[[ Source information, beginning ]]
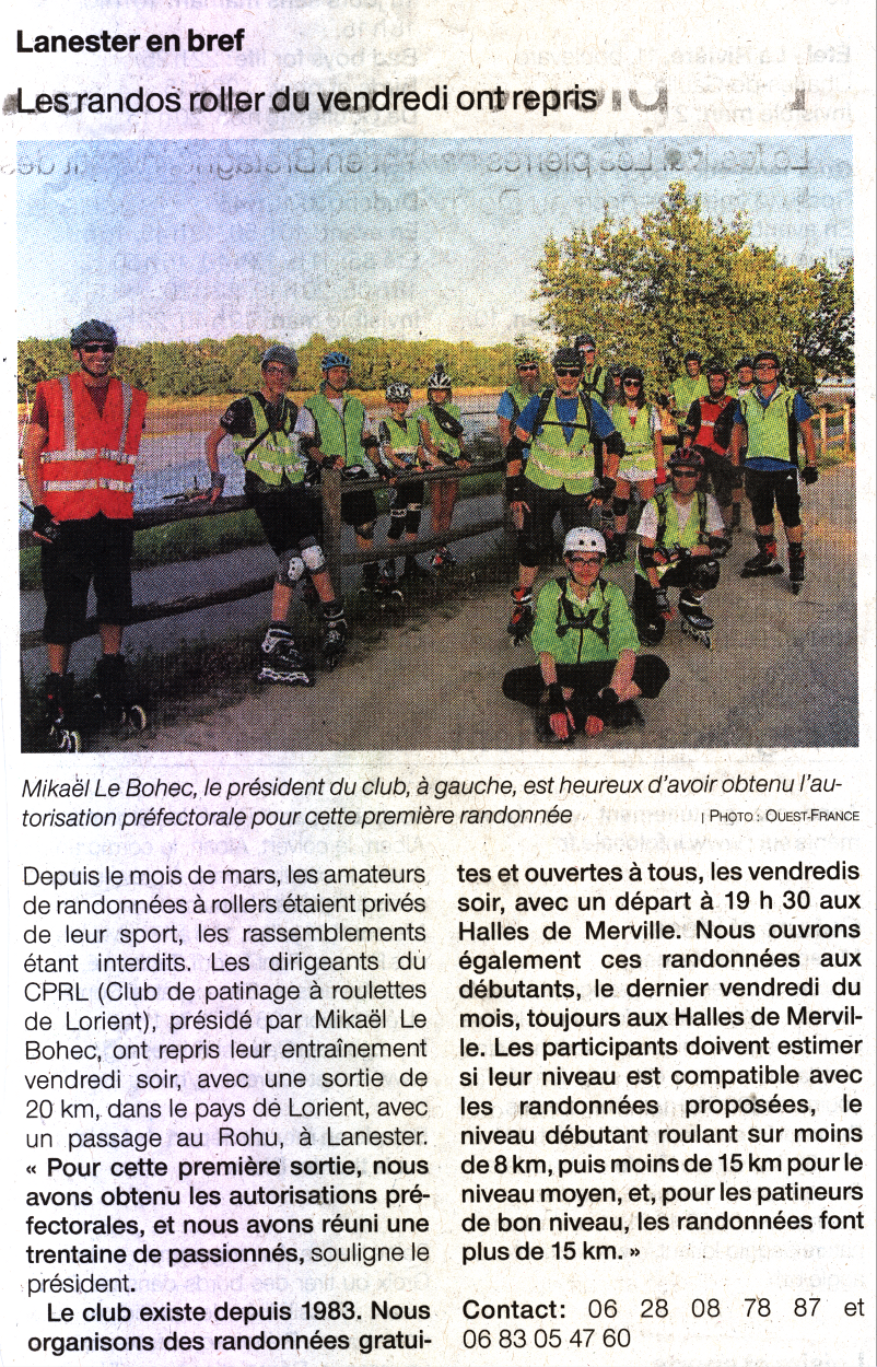 Voilà déjà un mois que le CPRL a pu reprendre ses randonnées rollers (et quads) dans Lorient et ses alentours, et c’est avec plaisir que nous accueillons de nouveaux patineurs et touristes depuis cette reprise. Ouest-France a même immortalisé la 1ère randonnée post-confinement (rando du 17 juillet) :
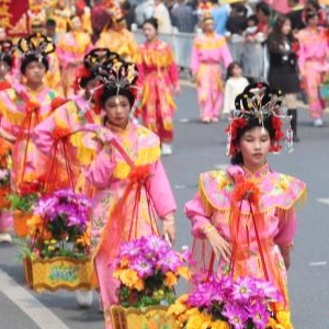 3月17日,花灯队在汕头市潮阳区“第十一届潮阳双忠文化节”巡游中表演。
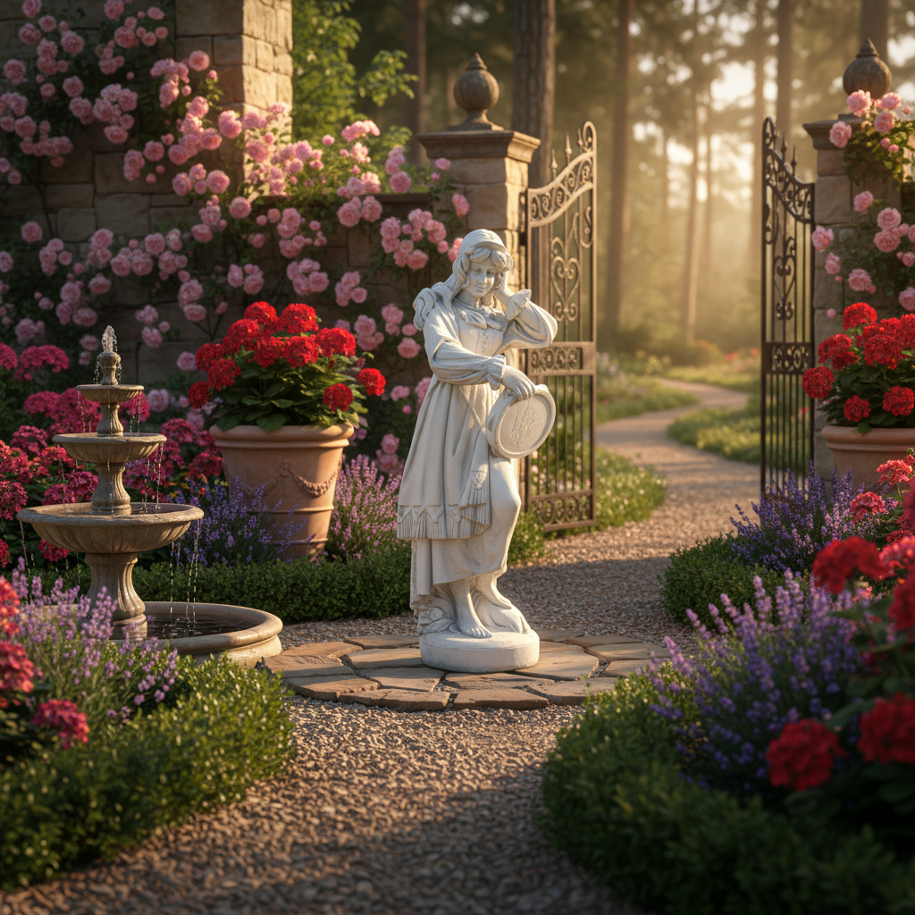 El acabado en piedra clara combina de maravilla con ambientes mediterráneos, piedra natural, madera y vegetación. Y si le añades iluminación cálida por la noche, resaltará aún más el relieve de la ropa y los detalles del rostro, creando un efecto muy escénico.
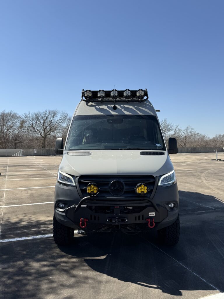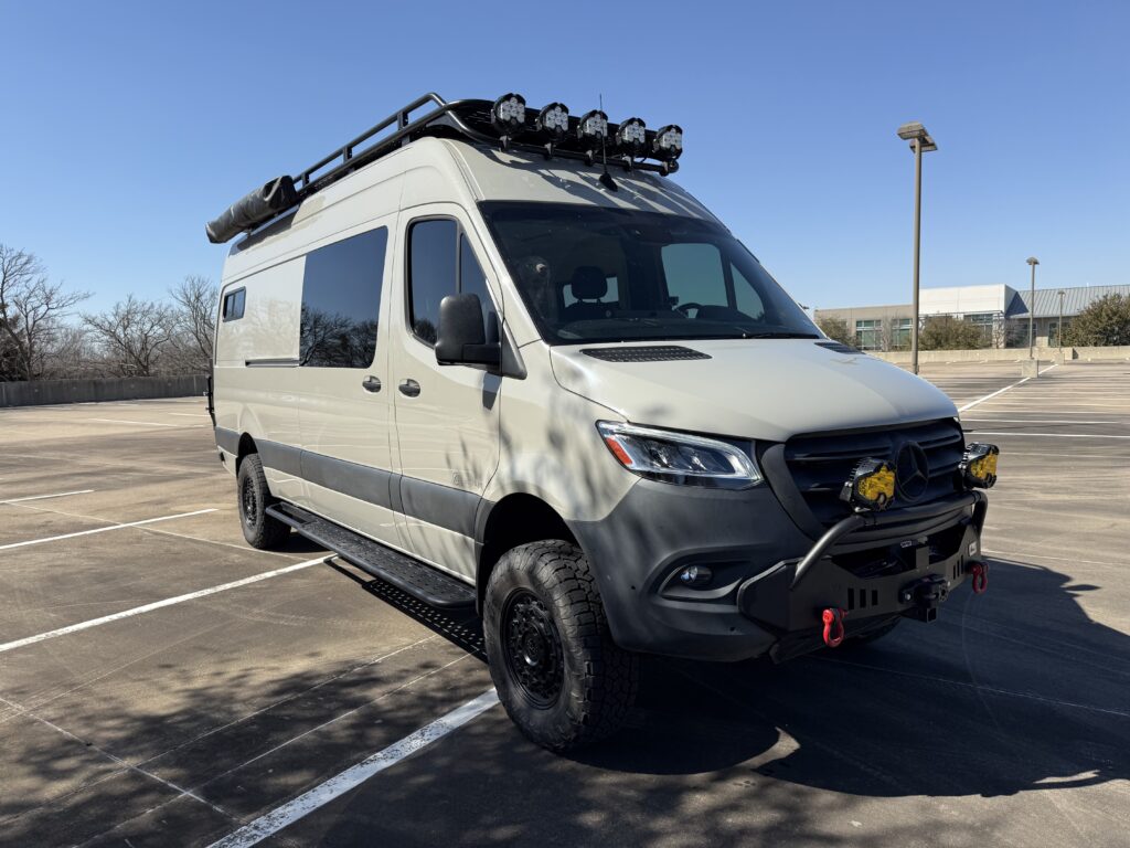 This van is ready for adventure.  Complete detailed list available upon request.  Exterior highlights: Agile off-road ride improvement kit (RIP kit) is a game changer for on and off road handling.  7 LP6 Baja design lights, Safari rack, ladder, rear tire carrier, owl vans storage box with shovel,  Black Rhino wheels wrapped with Toyo open country tires.  Tech: 540 amp hour BattleBorn lithium battery set up with a Victron 3000w inverter, full roaming Starlink, WeBoost cell booster.  Interior: queen bed, Dometic fridge freezer,  sink, counter space and removable table.  Mechanical: RIP kit wagon 2.0’s, 46 gallon fuel tank with improved MBZ filler neck, under armor underneath. Van is ready to roll.   Don’t miss this amazing deal!
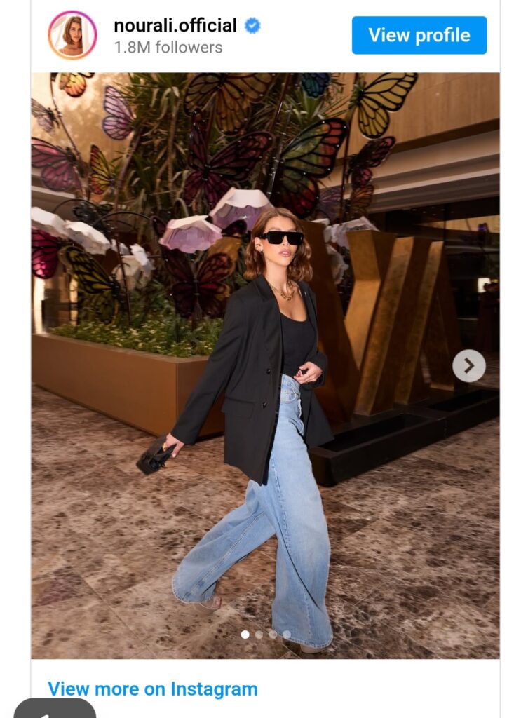 وفي إطلالة تجمع بين البساطة والستايل الجريء، لفتت نور العلي الأنظار بنظارات شمسية ضخمة أعادتنا إلى حقبة الألفينيات، وأكدت أن الأكسسوار وحده قادر على تحويل لوك كامل.
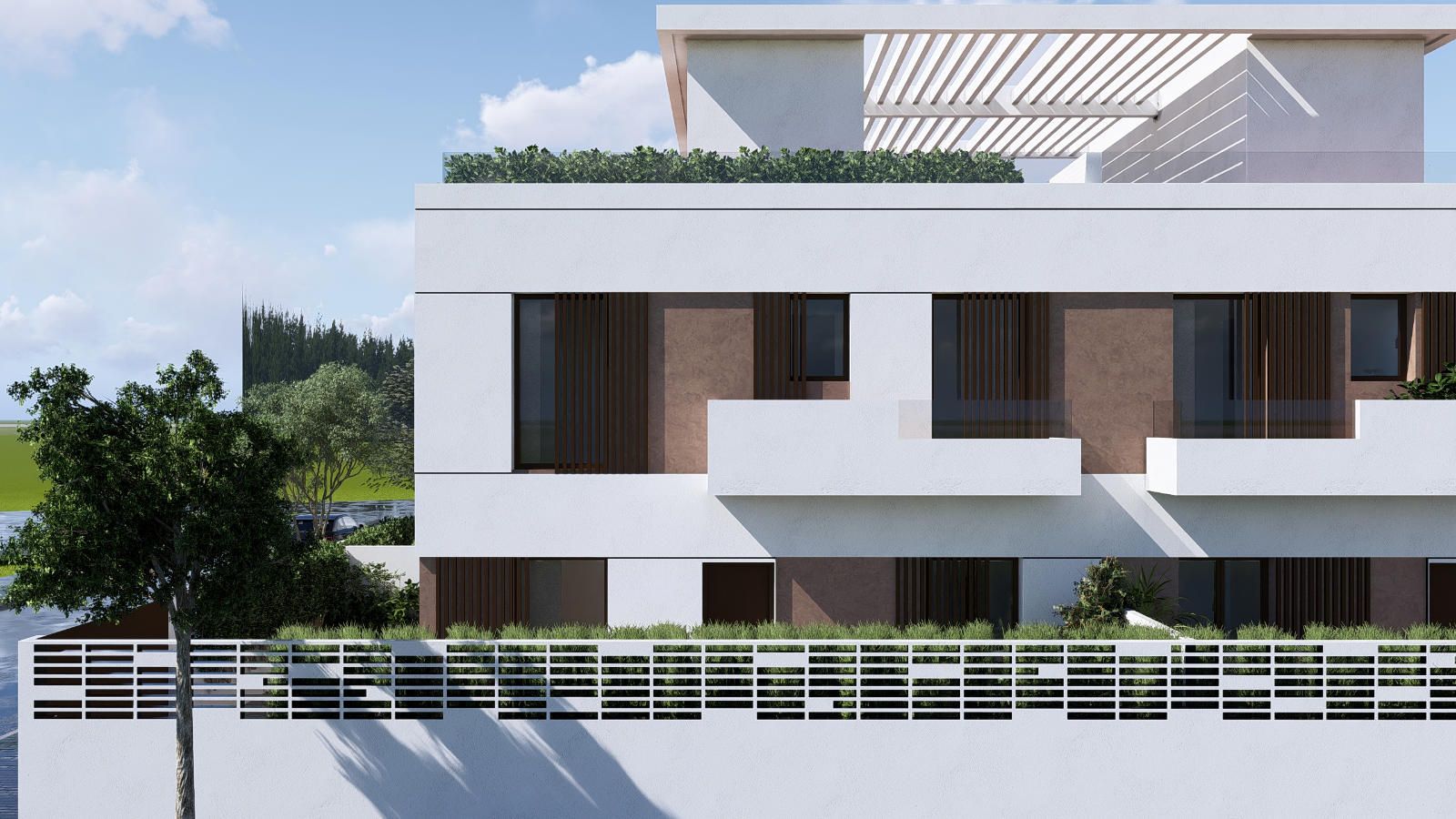 VILLAS DEL FERROCARRIL es una exclusiva promoción de 8 viviendas pareadas ubicadas en un entorno privilegiado de CORRALES, calle Ribera del Odiel con calle Lazareto, Nuevo Corrales, Aljaraque.
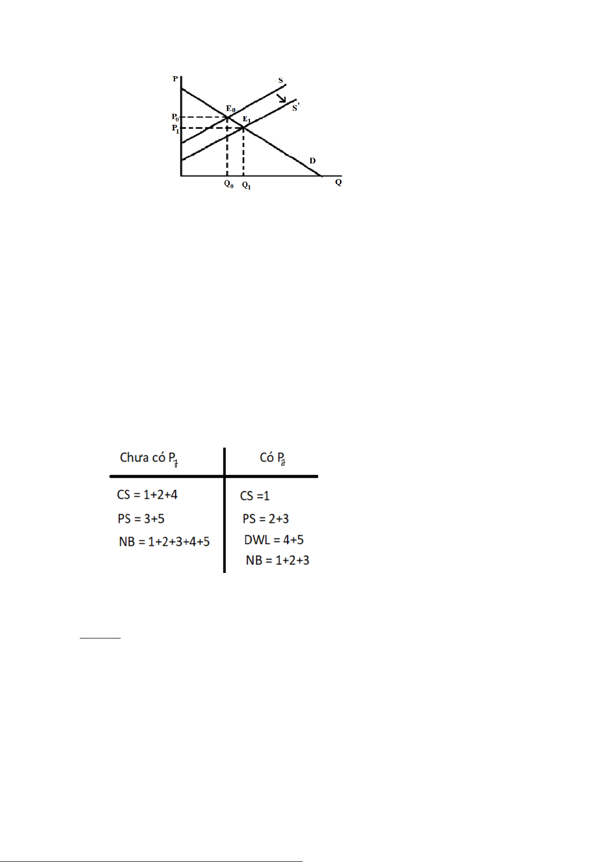⇒ Lợi ích NSX và NTD bị giảm xuống, NB giảm, gây ra DWL cho XH . Chưa có PC Có PC +) CS = 1+4 +) CS =1+2 +) PS = 2+3+5 +) PS =3 +) NB = 1+2+3+4+5 +) DWL = 4+5 +) NB =1+2+3
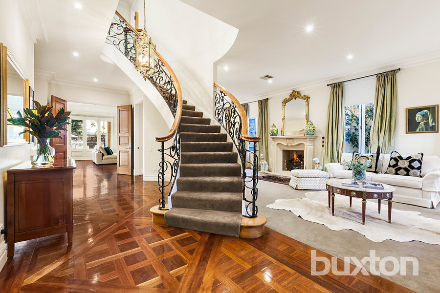 Opening the traditional French style oak doors and entering the impressive foyer complete with a 3m ceiling, solid spotted-gum floors and elegant wrought iron staircase extending up three levels the tone is set for this striking home. Beyond the foyer there's an elegant formal living and dining area featuring a carved limestone gas fireplace, a powder room and incredible open living, dining and kitchen space. And you'll never want to leave the kitchen with its Calacutta benches, Smeg appliances and slide out pantry all facing the beautiful outlook through French doors.
[[ Source information, end ]]
> [What to work on]: Your copy should hold only the lines above from the one containing "This van is" through the one containing "وفي إطلالة تجمع", exactly as written and free of pictures.

> [Result of this task]:
 This van is ready for adventure.  Complete detailed list available upon request.  Exterior highlights: Agile off-road ride improvement kit (RIP kit) is a game changer for on and off road handling.  7 LP6 Baja design lights, Safari rack, ladder, rear tire carrier, owl vans storage box with shovel,  Black Rhino wheels wrapped with Toyo open country tires.  Tech: 540 amp hour BattleBorn lithium battery set up with a Victron 3000w inverter, full roaming Starlink, WeBoost cell booster.  Interior: queen bed, Dometic fridge freezer,  sink, counter space and removable table.  Mechanical: RIP kit wagon 2.0’s, 46 gallon fuel tank with improved MBZ filler neck, under armor underneath. Van is ready to roll.   Don’t miss this amazing deal!
 وفي إطلالة تجمع بين البساطة والستايل الجريء، لفتت نور العلي الأنظار بنظارات شمسية ضخمة أعادتنا إلى حقبة الألفينيات، وأكدت أن الأكسسوار وحده قادر على تحويل لوك كامل.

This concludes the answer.